What methods are recommended for assessing the purity and identity of recombinant WS0555?
To ensure the quality of WS0555 preparations, researchers should employ multiple complementary analytical techniques:
| Analytical Method | Purpose | Expected Results for WS0555 |
|---|---|---|
| SDS-PAGE | Purity assessment, molecular weight confirmation | Single band at ~15-16 kDa, purity >85% |
| Western blotting | Identity confirmation, tag detection | Specific band detected with anti-WS0555 or tag-specific antibodies |
| Mass spectrometry | Accurate mass determination, sequence verification | Mass matching theoretical value, peptide coverage >80% |
| Size exclusion chromatography | Oligomeric state assessment, aggregation detection | Primarily monomeric elution profile |
| Dynamic light scattering | Homogeneity analysis | Monodisperse population, low polydispersity index |
For SDS-PAGE analysis, a 12-15% gel is typically recommended for optimal resolution of proteins in this molecular weight range.

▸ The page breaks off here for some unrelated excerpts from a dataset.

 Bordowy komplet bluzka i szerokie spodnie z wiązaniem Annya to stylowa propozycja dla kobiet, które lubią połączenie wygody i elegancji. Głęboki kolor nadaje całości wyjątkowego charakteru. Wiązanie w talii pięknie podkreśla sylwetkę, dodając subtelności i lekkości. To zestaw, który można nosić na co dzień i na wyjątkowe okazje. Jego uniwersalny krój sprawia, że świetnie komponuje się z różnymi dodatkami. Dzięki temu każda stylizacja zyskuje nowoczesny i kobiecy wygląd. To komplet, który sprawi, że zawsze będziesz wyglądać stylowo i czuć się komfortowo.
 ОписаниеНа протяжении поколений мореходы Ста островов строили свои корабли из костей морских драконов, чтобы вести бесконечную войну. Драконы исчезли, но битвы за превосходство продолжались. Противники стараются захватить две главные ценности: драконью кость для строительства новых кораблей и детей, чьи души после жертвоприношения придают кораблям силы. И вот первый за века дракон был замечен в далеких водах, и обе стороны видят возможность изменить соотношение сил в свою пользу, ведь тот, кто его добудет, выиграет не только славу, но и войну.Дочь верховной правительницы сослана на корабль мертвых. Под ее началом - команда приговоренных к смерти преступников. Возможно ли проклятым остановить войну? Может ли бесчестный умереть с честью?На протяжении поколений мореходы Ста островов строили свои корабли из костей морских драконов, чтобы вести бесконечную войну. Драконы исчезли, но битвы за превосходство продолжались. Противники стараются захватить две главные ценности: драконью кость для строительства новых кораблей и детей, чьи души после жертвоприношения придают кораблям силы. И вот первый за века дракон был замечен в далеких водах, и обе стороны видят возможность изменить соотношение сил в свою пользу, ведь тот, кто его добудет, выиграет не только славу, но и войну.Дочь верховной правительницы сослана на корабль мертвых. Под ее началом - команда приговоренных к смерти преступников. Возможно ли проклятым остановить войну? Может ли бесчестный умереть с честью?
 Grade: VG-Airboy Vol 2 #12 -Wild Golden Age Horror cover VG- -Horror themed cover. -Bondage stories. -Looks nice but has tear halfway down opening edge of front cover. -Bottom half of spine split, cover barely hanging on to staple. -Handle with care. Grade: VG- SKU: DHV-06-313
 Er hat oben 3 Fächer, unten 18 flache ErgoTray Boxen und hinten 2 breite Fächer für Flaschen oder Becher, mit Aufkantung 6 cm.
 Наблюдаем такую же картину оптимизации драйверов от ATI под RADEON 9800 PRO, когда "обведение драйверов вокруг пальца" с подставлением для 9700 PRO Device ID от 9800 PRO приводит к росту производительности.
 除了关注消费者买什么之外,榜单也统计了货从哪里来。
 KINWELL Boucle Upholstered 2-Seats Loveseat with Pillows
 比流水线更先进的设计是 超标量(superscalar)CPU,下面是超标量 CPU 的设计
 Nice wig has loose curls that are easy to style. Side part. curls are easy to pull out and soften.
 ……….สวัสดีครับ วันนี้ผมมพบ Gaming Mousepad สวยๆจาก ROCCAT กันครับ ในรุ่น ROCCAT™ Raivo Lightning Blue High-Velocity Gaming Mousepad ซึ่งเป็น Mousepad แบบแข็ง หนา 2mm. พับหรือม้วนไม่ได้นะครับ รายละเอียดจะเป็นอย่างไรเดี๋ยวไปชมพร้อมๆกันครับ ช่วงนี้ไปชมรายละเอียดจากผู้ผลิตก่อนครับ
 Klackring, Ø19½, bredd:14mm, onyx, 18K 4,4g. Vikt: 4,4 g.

For Western blotting, antibodies against the fusion tag (His, FLAG, etc.) can be used if specific antibodies against WS0555 are unavailable .
Identity confirmation can be further strengthened through proteomic approaches such as peptide mass fingerprinting or LC-MS/MS sequencing to verify the amino acid sequence against the reference database entry (UniProt Q7MSD7) .
How can WS0555 be used as a tool to study ribosome biogenesis mechanisms?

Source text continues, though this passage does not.